The men's 4 × 100 metre freestyle relay event at the 2008 Olympic Games took place on 10–11 August at the Beijing National Aquatics Center in Beijing, China.

Prior to the race, the French team was reported to be very confident of its ultimate victory, with world record holder Alain Bernard saying: "The Americans? We're going to smash them. That’s what we came here for."

Trailing the French team by nearly 6/10th of a second entering the final leg, the U.S. team came from behind to set a new world record and most importantly, to capture the elusive freestyle relay title after 12 years. Diving into the pool at the final exchange, Jason Lezak chased down world record-holder Frenchman Alain Bernard on the 50-metre final length and touched the wall first with a scintillating anchor time of 46.06, the fastest ever split in the event's history, to deliver the foursome of Michael Phelps (47.51, an American record), Garrett Weber-Gale (47.02), and Cullen Jones (47.65) the gold-medal in a world-record time of 3:08.24.  Lezak’s comeback is often considered to be the greatest the sport has ever seen.
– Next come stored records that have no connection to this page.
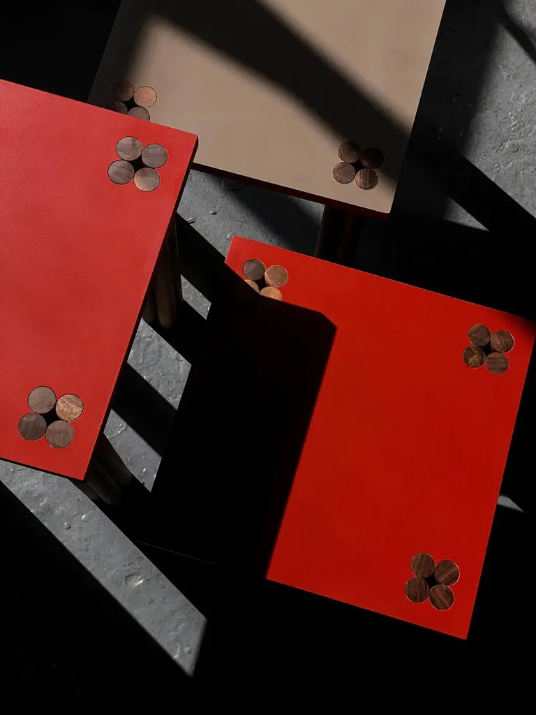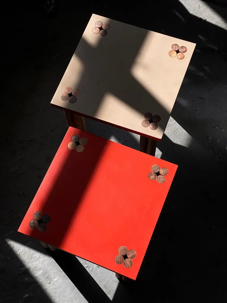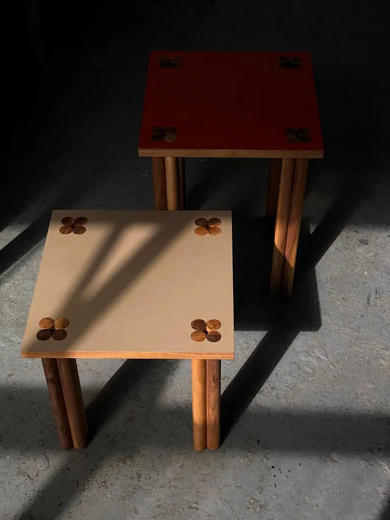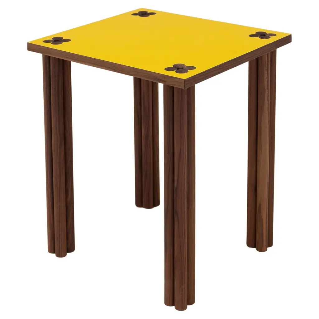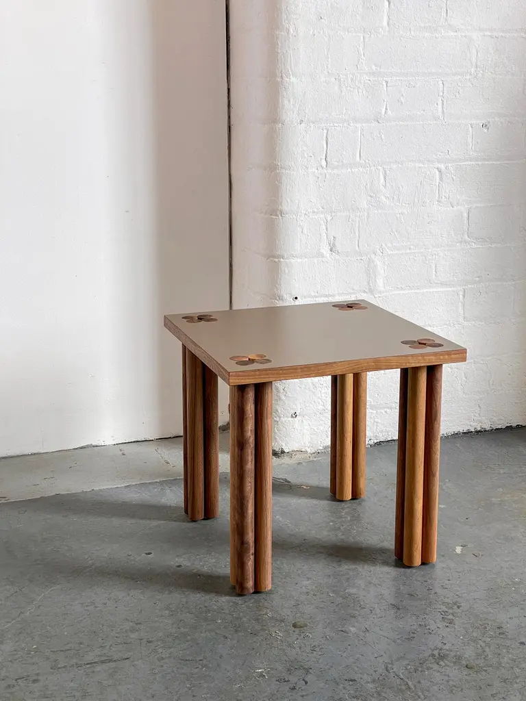 Beige & walnut Hana side table.Dimensions: D 35 x W 35 x H 33 cm.Materials: solid walnut wood, walnut veneer, FormicaOak or other wood possible. Hana is Japanese and means flower - it is a collection of side tables and a sideboard. The name stands for the pattern created by the four wooden dowels piercing through the surface and simple Japanese carpentry as a point of inspiration.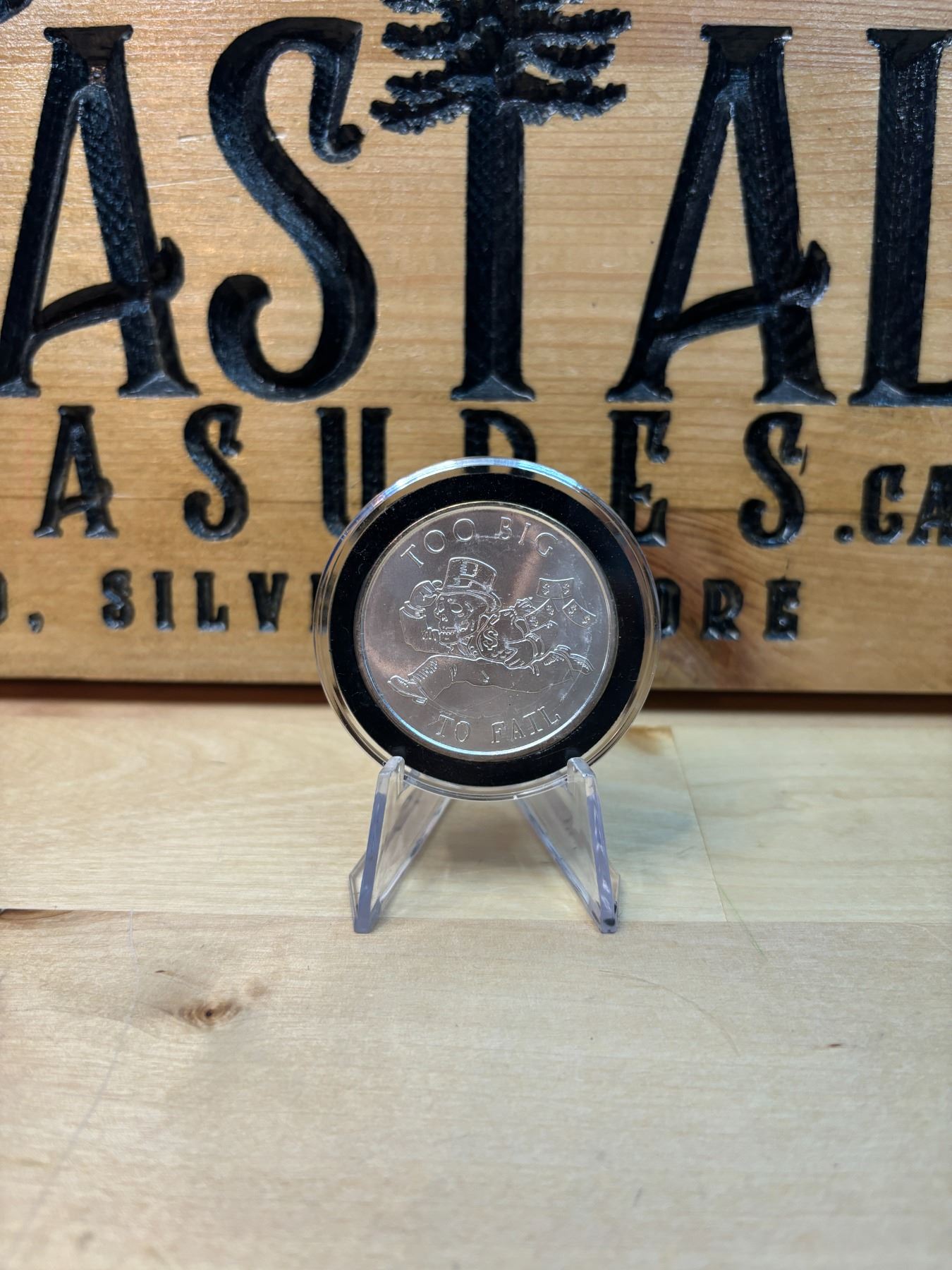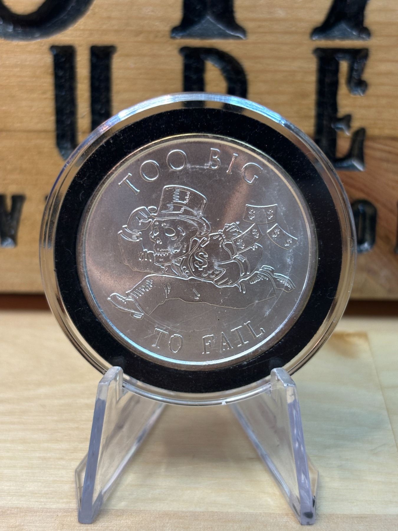 The 1 oz Too Big To Fail Silver Round is a 1-ounce silver round made from 99.9% pure silver. It features a design inspired by the financial crisis and the concept of "too big to fail," a phrase used to describe major financial institutions that are considered so large and interconnected that their failure could harm the broader economy. The round typically includes imagery related to banks, the economy, or symbols of financial power, often with a provocative or thought-provoking message. It's popular among collectors who are interested in economics or want to commemorate this significant phrase in financial history, valued for both its silver content and its symbolic design.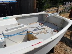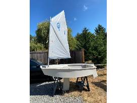 Condition: Used - Good Optimist/'Opti' sailboat complete with sails & running gear - ready to sail! Some dings and cosmetic chips etc., but solid little boat for learning to sail or race.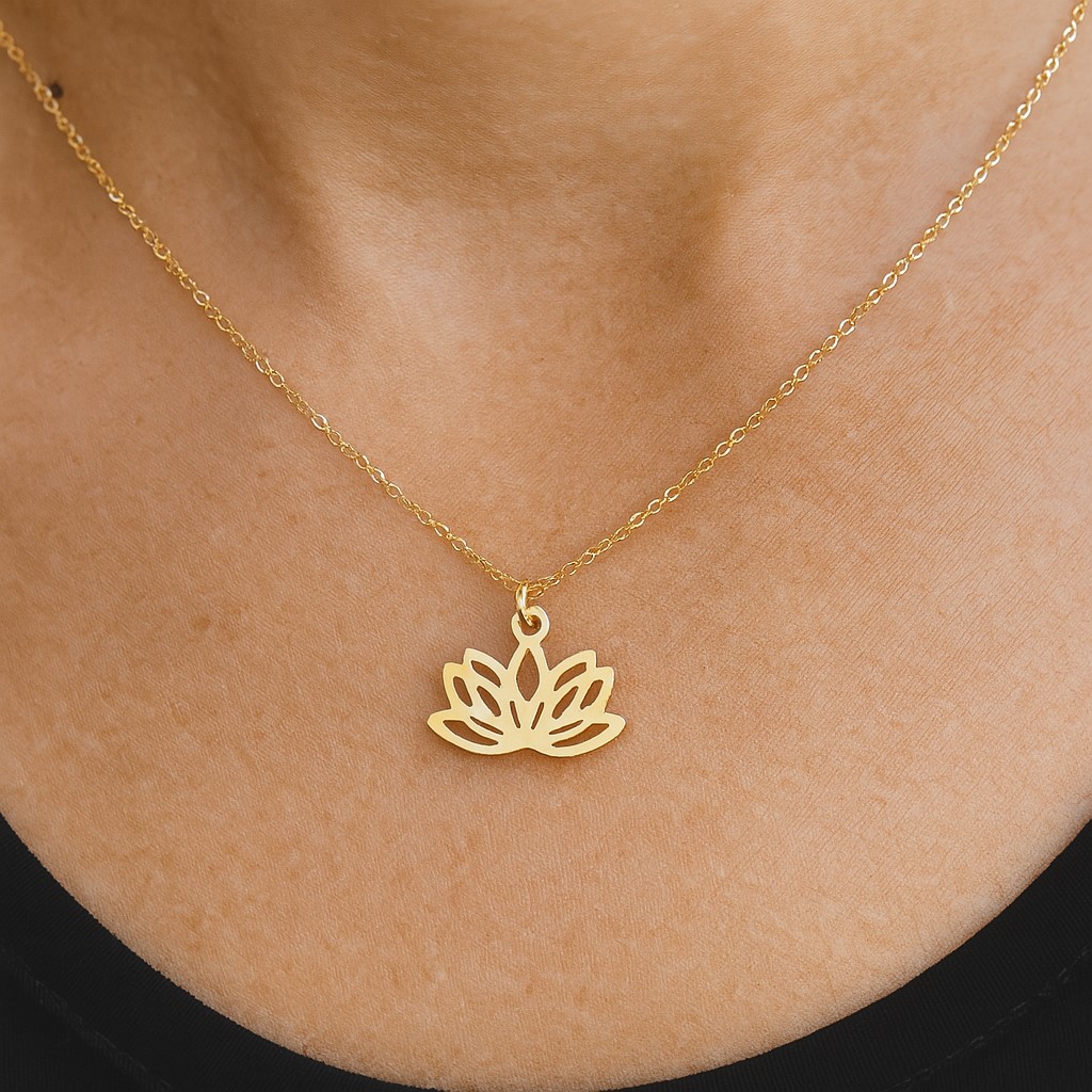 Zierlicher Edelstahl Charm Anhänger Lotusblume 7,5 x 10 x 1 mm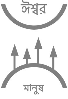 ঈশ্বর এবং আমাদের মধ্যে একটি দূরত্ব, একটি ফাঁকা জায়গা রয়েছে। এই তীরচিহ্নগুলো দেখায় যে ঈশ্বরের সান্নিধ্যে পৌঁছানোর জন্য আমাদের চেষ্টাসমূহ... যেগুলো অন্যদের জন্য ভাল কিছু করা, বৈবাহিত রীতি-নীতি পালন, ভাল মানুষ হয়ে ওঠার চেষ্টা করা, ইত্যাদি। কিন্তু এখানে সমস্যাটি হল এই ভাল কাজগুলোর একটিও আসলে আমাদের পাপ মুছে ফেলে না বা পাপ দূর করে না।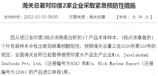 因从进口自印度1批次冻南美白虾的1个产品本体样本,1批次冻章鱼的1个外包装样本中检出新冠病毒核酸阳性,按照海关总署公告2020年第103号的规定,全国海关自即日起暂停接受印度水产品生产企业M/s. Jayalakshmi Seafoods Pvt. Ltd.(注册编号为924)和M/s. Rich Marine Export(注册编号为1206)的产品进口申报1周。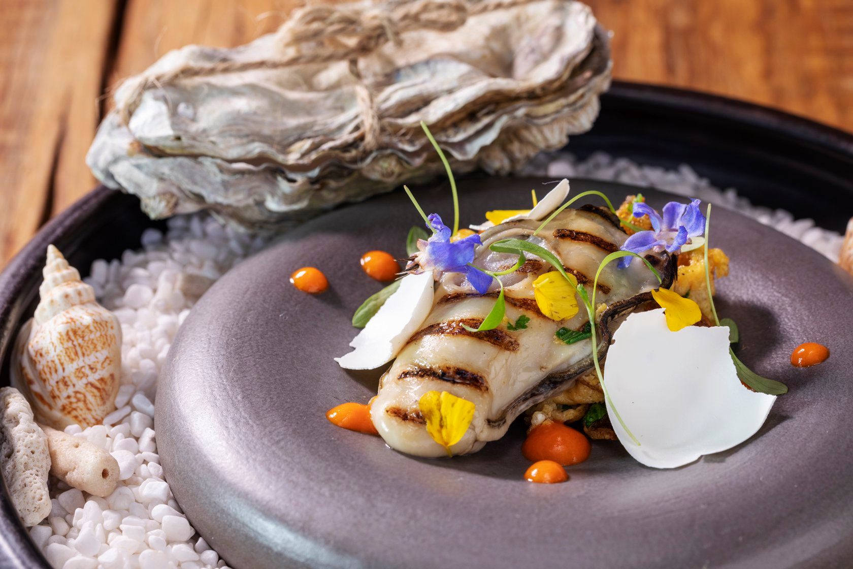 主廚將南投小農栽種的可可、南方澳的現流鮮魚、日月潭的紅玉紅茶等在地食材入菜,以不過度烹煮的料理方式,將台灣食材以地中海料理風格優雅演繹。

After the 1st three legs, France's Amaury Leveaux (47.91), Fabien Gilot (47.05), and Frédérick Bousquet (46.63) had delivered Bernard a lead of more than a half-second (.59).  However, despite producing the 3rd-fastest split of the event, Bernard's time of 46.73 was still 0.67 seconds slower than Lezak's split, leaving the French team with the Silver medal in a European record of 3:08.32. Meanwhile, Eamon Sullivan smashed the world record split of 47.24 to hand the Aussies an early lead, but his teammates Andrew Lauterstein (47.87), Ashley Callus (47.55), and Matt Targett (47.25) could not maintain the pace in the succeeding laps to end the race with a bronze-medal time of 3:09.91.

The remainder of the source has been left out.